- AIM OF THE TASK
Please print, exactly, only the lines in the entries below from the line that has "Flugzeuge Zivil Northwest" through the line that has "Fine Palm Straw". Pictures don't go in.

- DATA RECORDS
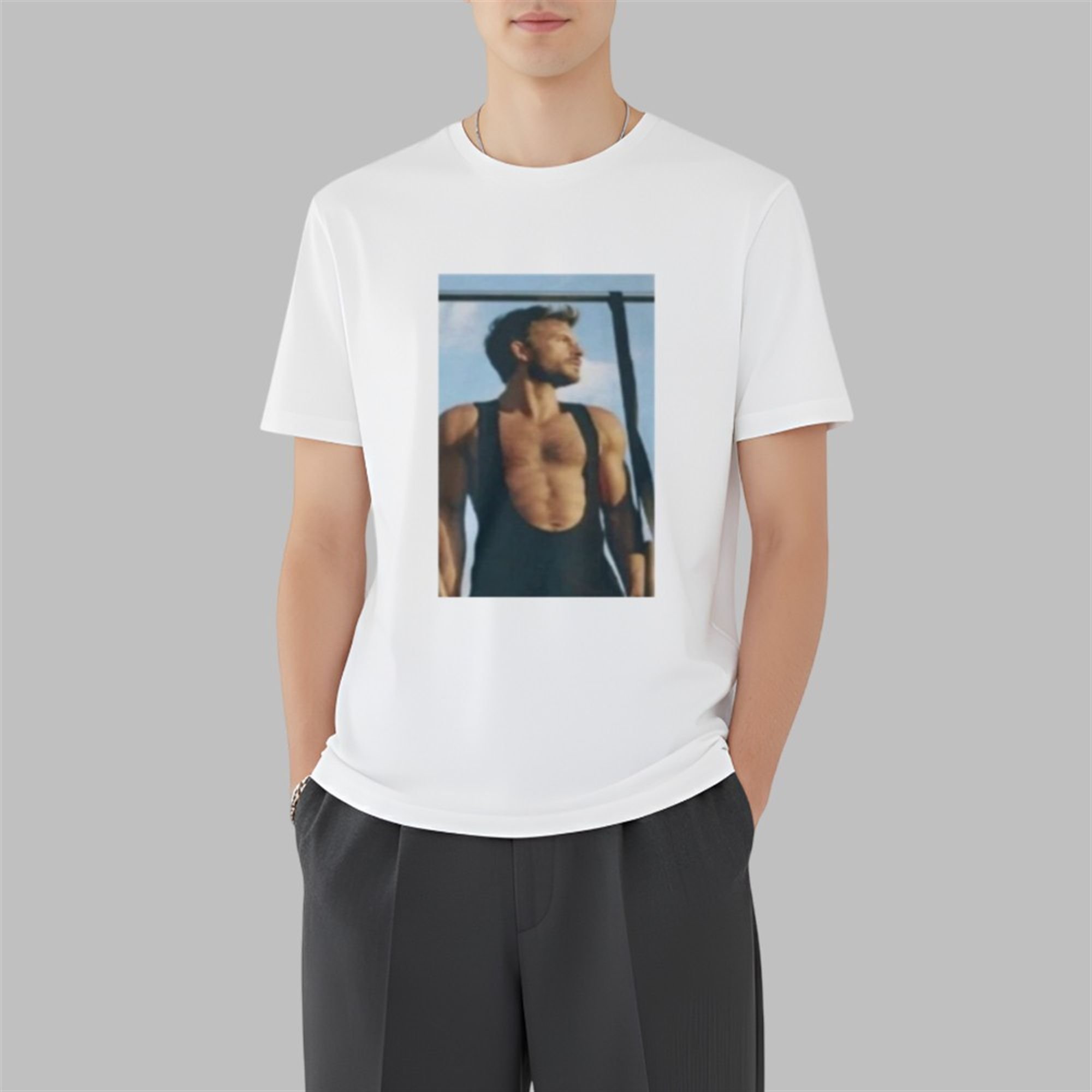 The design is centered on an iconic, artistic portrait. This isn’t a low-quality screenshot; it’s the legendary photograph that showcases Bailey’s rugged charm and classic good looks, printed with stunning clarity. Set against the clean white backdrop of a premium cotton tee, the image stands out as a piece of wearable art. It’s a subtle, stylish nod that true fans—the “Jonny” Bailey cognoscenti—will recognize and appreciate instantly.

==

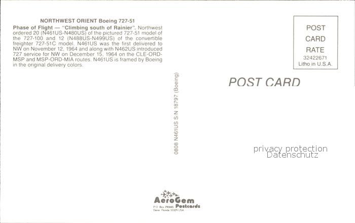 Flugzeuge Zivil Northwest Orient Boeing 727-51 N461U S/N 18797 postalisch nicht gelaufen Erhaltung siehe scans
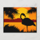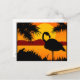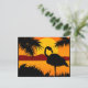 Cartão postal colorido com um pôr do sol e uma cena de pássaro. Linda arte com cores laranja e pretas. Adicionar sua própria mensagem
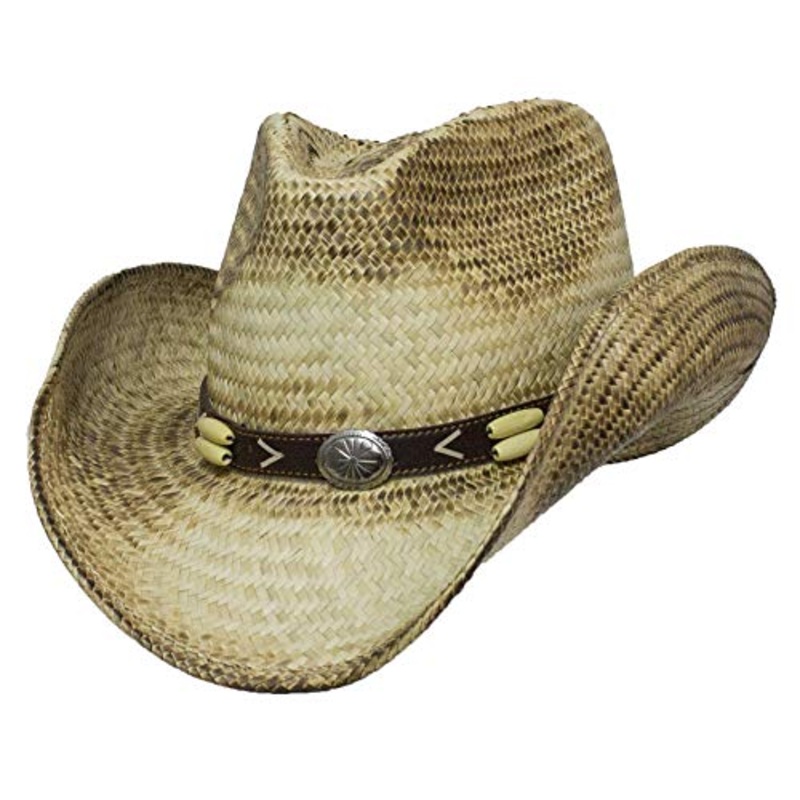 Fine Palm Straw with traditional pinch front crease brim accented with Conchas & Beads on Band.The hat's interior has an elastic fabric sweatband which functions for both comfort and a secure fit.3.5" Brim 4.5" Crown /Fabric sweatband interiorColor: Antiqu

---

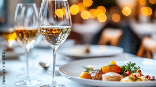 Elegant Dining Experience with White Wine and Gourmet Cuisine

- SOLUTION TO THIS EXERCISE
 Flugzeuge Zivil Northwest Orient Boeing 727-51 N461U S/N 18797 postalisch nicht gelaufen Erhaltung siehe scans
 Cartão postal colorido com um pôr do sol e uma cena de pássaro. Linda arte com cores laranja e pretas. Adicionar sua própria mensagem
 Fine Palm Straw with traditional pinch front crease brim accented with Conchas & Beads on Band.The hat's interior has an elastic fabric sweatband which functions for both comfort and a secure fit.3.5" Brim 4.5" Crown /Fabric sweatband interiorColor: Antiqu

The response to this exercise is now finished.